YouTube Is Going To Get Rid Of Live Subscriber Counts
YouTube has said from August it will be no longer be showing exactly how many subscribers a channel has, by ditching live subscriber counters.
In a blog post, the company has said that only YouTube creators will have access to the precise number, while visitors to the channel will only see an abbreviated subscriber count.
A statement from the firm reads: "To create more consistency everywhere that we publicly display subscriber counts, starting in August 2019, we'll begin showing the abbreviated subscriber number across all public YouTube surfaces."
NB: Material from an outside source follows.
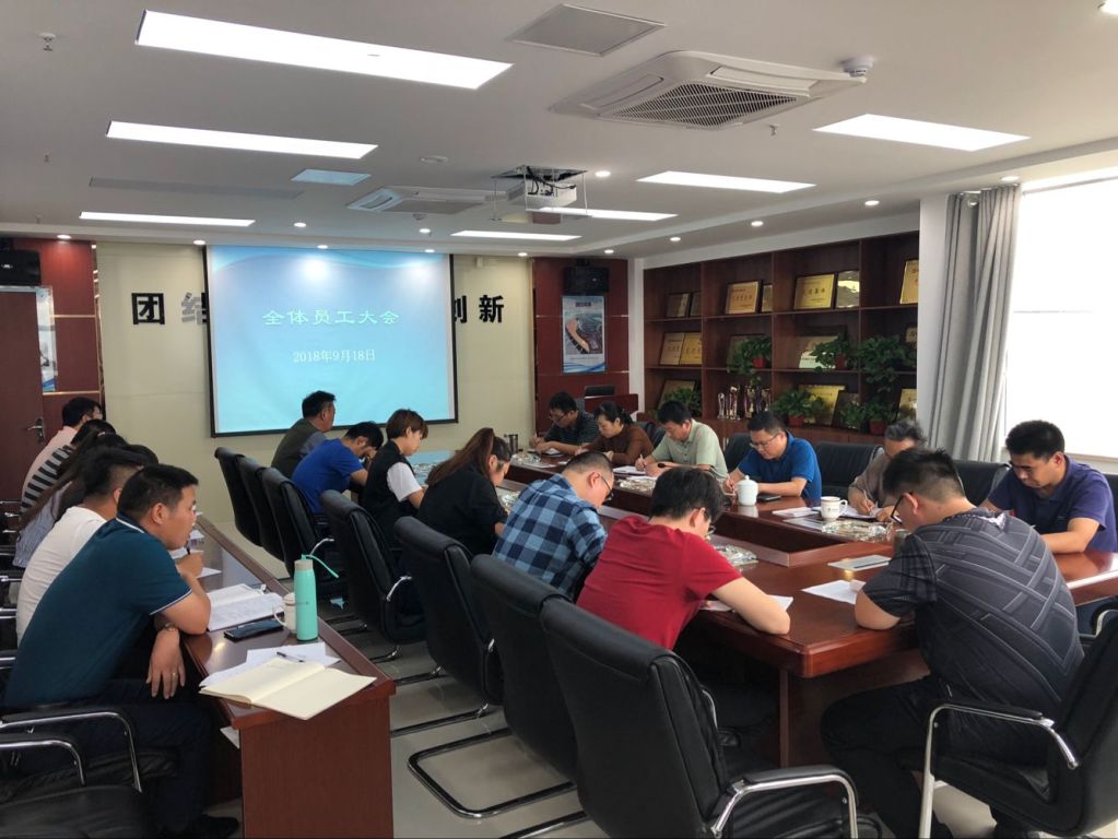9月18日上午,蚌埠分公司召開全體員工大會(huì)宣貫公司黨委書記、董事長胡六中在公司中層以上管理人員會(huì)議上的講話精神,會(huì)議由分公司黨支部書記洪軍主持。

As well as having a standardised abbreviated display on its own site, YouTube will also be making it so that third-party firms, such as Social Blade, will also only be able to show abbreviated figures and won't be able to host live-subscriber counters.
Only the channel's creator will be able to see the specific numbers.
The company also shared some examples of how it will work in real-life, posting: "If a channel has 4,227 subscribers, the public subscriber count will read '4.2k' until the channel reaches 4,300.
"If a channel has 133,017 subscribers, the public subscriber count will read '133K' until the channel reaches 134,000.
If a channel has 51,389,232, the public subscriber count will read '51M' until the channel reaches 52,000,000."
The new rules will only apply to channels with more than 1,000 subscribers - so if you've got 982 subscribers it won't round down 900, but as soon as it hits over 1,000 it'll begin to show the abbreviated numbers.
The new rules were announced amidst a bunch of high-profile YouTuber campaigns and spats.
Firstly, we had the months-long Subscribe to PewDiePie campaign which aimed to keep the popular YouTuber top as he faced tough competition from T Series. Live subscriber counts were used by fans to see how the battle was going.
And, of course more recently we've also had the whole James Charles and Tati Westbrook beef - which saw Charles lose a record-number of subscribers in just a few days, before gaining a bunch back. Fans were able to use Social Blades' live subscriber count to see how well... or badly, Charles was getting on.